I have a red sea co2 indicator whose instructions state to use aquarium water and a couple of drops from the provided solution. However, I read in some post that the co2 measurement is inaccurate when used with aquarium water. Instead they suggest to use a 4kh solution. Is their a way I can make this myself? If so, please explain what I need thank you.
 
Last edited by a moderator:

mathman

Guru Class Expert
Mar 8, 2011
260
1
18
California
Hi dutchy,

The link you provided states, "Now take the Measuring cylinder and fill up to the 450ml mark with Demin/RO and transfer to a 500ml sample jar, next add 50ml of the 40dKH to the same sample jar."

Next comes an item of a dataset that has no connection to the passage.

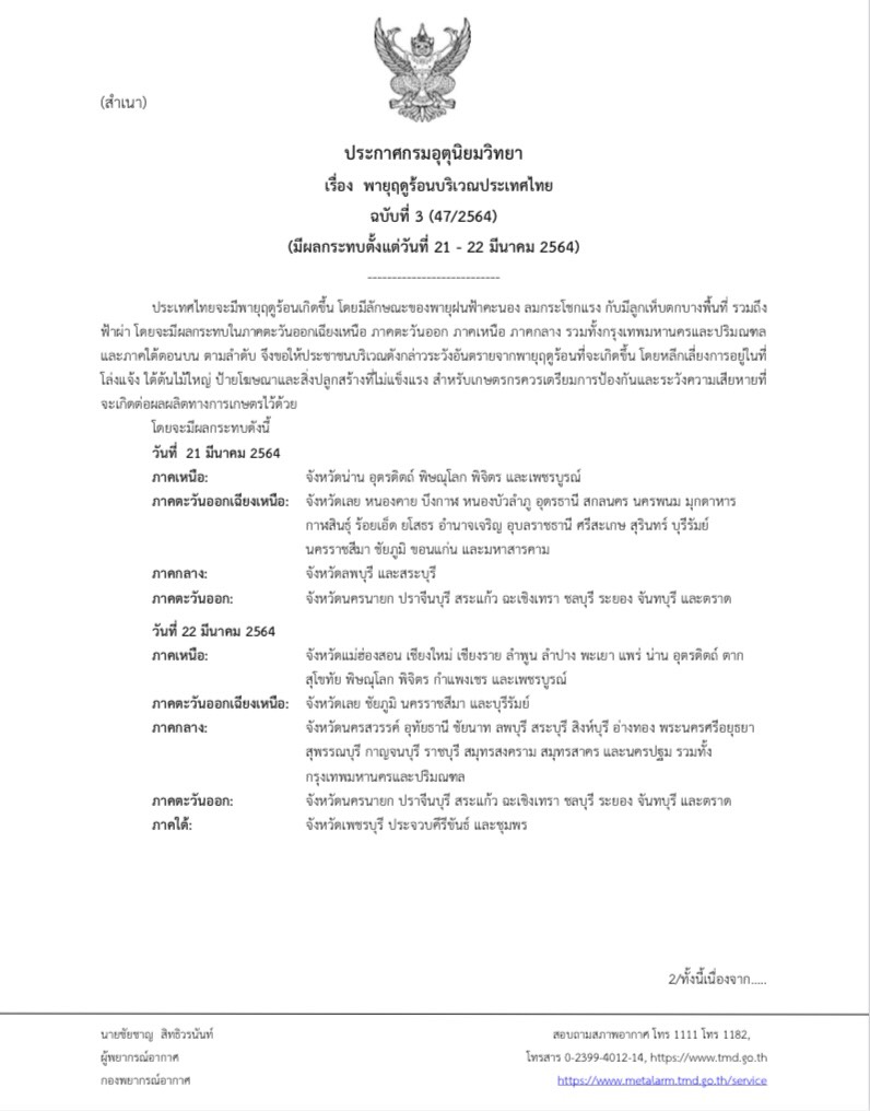 นางศิลปสวย ระวีแสงสูรย์ ปลัดกรุงเทพมหานคร เปิดเผยถึง กรณีกรมอุตุนิยมวิทยาได้ออกประกาศเตือน พายุฤดูร้อน บริเวณประเทศไทย มีผลกระทบตั้งแต่วันที่ 21-22 มี.ค.นี้ ซึ่งในช่วงวันดังกล่าวประเทศไทยจะมีพายุฝนฟ้าคะนอง ลมกระโชกแรง และมีลูกเห็บตกบางพื้นที่ โดยกรุงเทพฯ และปริมณฑล จะได้รับผลกระทบในระยะต่อไปว่า สำนักการระบายน้ำได้เตรียมความพร้อมระบบระบายน้ำ โดยตรวจสอบประสิทธิภาพของอุโมงค์ระบายน้ำ สถานีสูบน้ำ และบ่อสูบน้ำให้พร้อมใช้งานทุกสถานี ลดระดับน้ำในคลองให้อยู่ในระดับต่ำ สำรวจและติดตั้งเครื่องสูบน้ำชั่วคราวในพื้นที่จุดเสี่ยงและจุดเฝ้าระวังน้ำท่วม ล้างทำความสะอาดท่อระบายน้ำ ขุดลอกคูคลอง เปิดทางน้ำไหล จัดเก็บขยะวัชพืช

The step before this explains that one should mix 1000ml of RO water with 1.2 grams of sodium bicarbonate. If we are using only 50ml of this solution to the 500ml cylinder...what happens with the rest? Can it be used for later?
 
Last edited by a moderator:

mathman

Guru Class Expert
Mar 8, 2011
260
1
18
California
Two questions...

Is demin RO water the same as distilled water?

Will this DIY solution change colors (blue, green, and yellow) with respect to the co2 levels in the tank?

Thank you.
 

dutchy

Plant Guru Team
Lifetime Member
Jul 6, 2009
2,280
5
36
63
The Netherlands
I think full RO is the same as distilled... (correct me if I'm wrong)

Some evaporated water will enter the test. The colour changes because the pH changes. It's basically not more than a pH test.
 

mathman

Guru Class Expert
Mar 8, 2011
260
1
18
California
The addition of sodium bicarbonate will increase not only the KH level but also the pH of the RO water...is the pH increase unimportant as long as the solution comes out to be 4dKH?
 

pat w

Member
Nov 4, 2009
462
0
16
Daphne, AL (east Mobile Bay)
dutchy;74859 said:
I think full RO is the same as distilled... (correct me if I'm wrong)

Some evaporated water will enter the test. The colour changes because the pH changes. It's basically not more than a pH test.

Distilled is condensed water vapor and as such could contain lingering volatile components. RO is reverse osmosis. Water is passed through a RO membrane to remove contaminants and will produce a purer result. DI (de-Ionized) takes it one step further by passing the effluent of the RO product through a de-ionoizing resin bed. DI is about as pure H2O as you can get as far as I know.

In any event either distilled or RO is fine for making a DC solution. Just make sure the baking soda is very dry before you weigh it. Oven dry at 125 F for about an hour will do. Don't get it too hot or it will become sodium carbonate instead of BI-carbonate and the recipe is no longer valid.